I never used such methods, although I saw them in use. It told me which machines to avoid. In all the years of playing, I have never owned a refill key.

Sites are now so aware of these scams that even owning a "device" could get you thrown out, even "looking like a pro" is enough to get you kicked out of a few places.

[thelawnet]

Hello everyone,

First of all I would like to apology for the delay in response: yesterday I was going to bed when I saw this thread.

Also I would like to thank all forum members for their input in this thread.

The case is: the OP registered at Trada Casino and made two deposits (20 and 50 EUR). The first deposit was lost, then the OP made another deposit and managed to build the bankroll to €1381, mostly playing Blackjack Switch. After he submitted a withdrawal, his bets history was analysed, and it was found that he was was making bets which were impossible in casino client. For example, there are many bets where bet amounts are different for boxes #1 and #2 (as you know, in Blackjack Switch you have to make equal bets on two boxes).
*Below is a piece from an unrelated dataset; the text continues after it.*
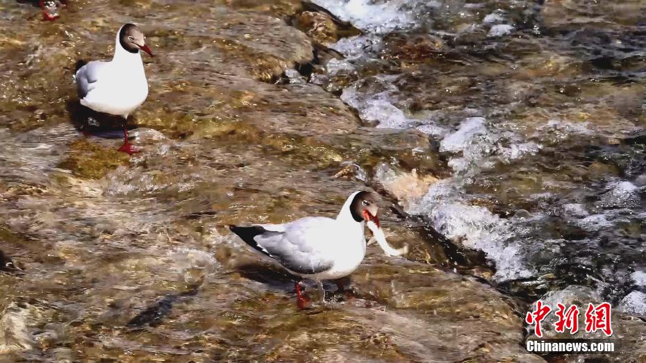 圖為鳥類在洄游途中捕食湟魚。
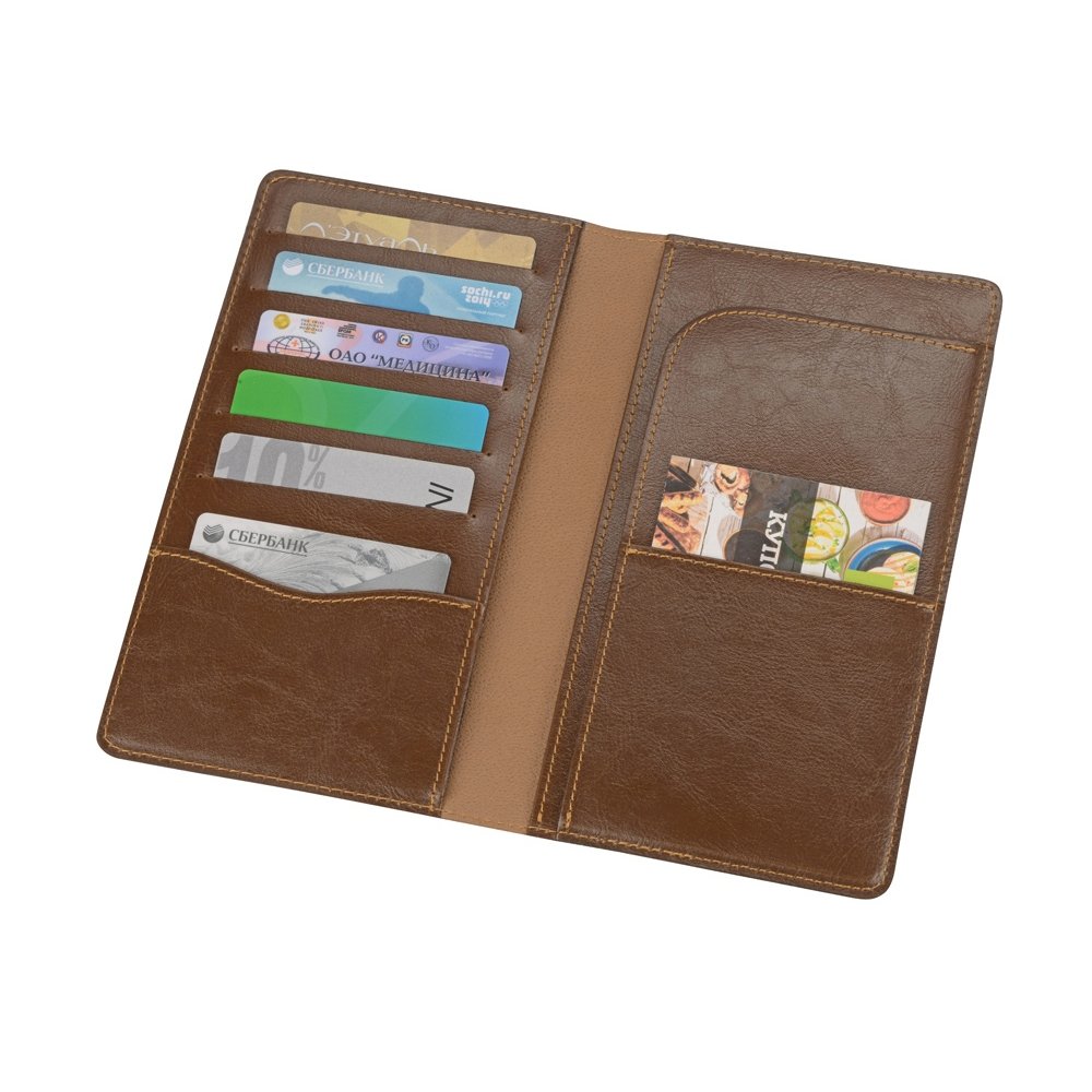- Стильный аксессуар для любителей путешествий, а также людей, часто бывающих в командировках. Трэвел-портмоне из приятной на ощупь натуральной кожи оснащен отделением для купюр и множеством кармашков под визитки или пластиковые карты.

Below is an example from the OP's bet history:



As you can see, two different bets were made on boxes #1 and #2, when they should have been equal. It gives players an advantage over the casino, because when they switch the cards - the better hand could be built for the bigger bet.

This makes sense, although the above is a poor illustration, since the player doesn't switch.

Let's say, for clarity, you had a bet of $999.99 on one spot, and $0.01 on the other. The $0.01 spot is clearly worthless, so basically what you end up with is no longer a game of balance, but a game where you effectively have the FREE choice to switch your second card out for another face-up card. The advantage is huge.

E.g.,

consider dealer 8 vs.

9,8 = 17, bet $500
t,t = 20, bet $500

We expect the 17 to lose (given a dealer 10, the most likely option), and the 20 to win (likewise).

If you switch, you end up with 19 and 18, the 18 is most likely to push and the 19 to win.

If the dealer had a 9, however, the switched 18 is probably a loser, and we DON'T switch in this case - we abandon our hand of 17 and stick with the good 20.

If however, your bets look like this:

Up card 8
9,8 = 17, bet $999.99
t,t = 20, bet $0.01

Then clearly you want to improve your 17 to a 19, you couldn't care less about the 1 cent hand, that's just there to provide good cards for the 17.

17 is a terrible hand in blackjack, whereas 19 is a very good one.

This isn't a question of circumventing bet limits so much as fundamentally changing the game being played. This changes the game from a complex game of balancing two hands with equal bets to a simple 'build the best 2-card hand using 3 cards'.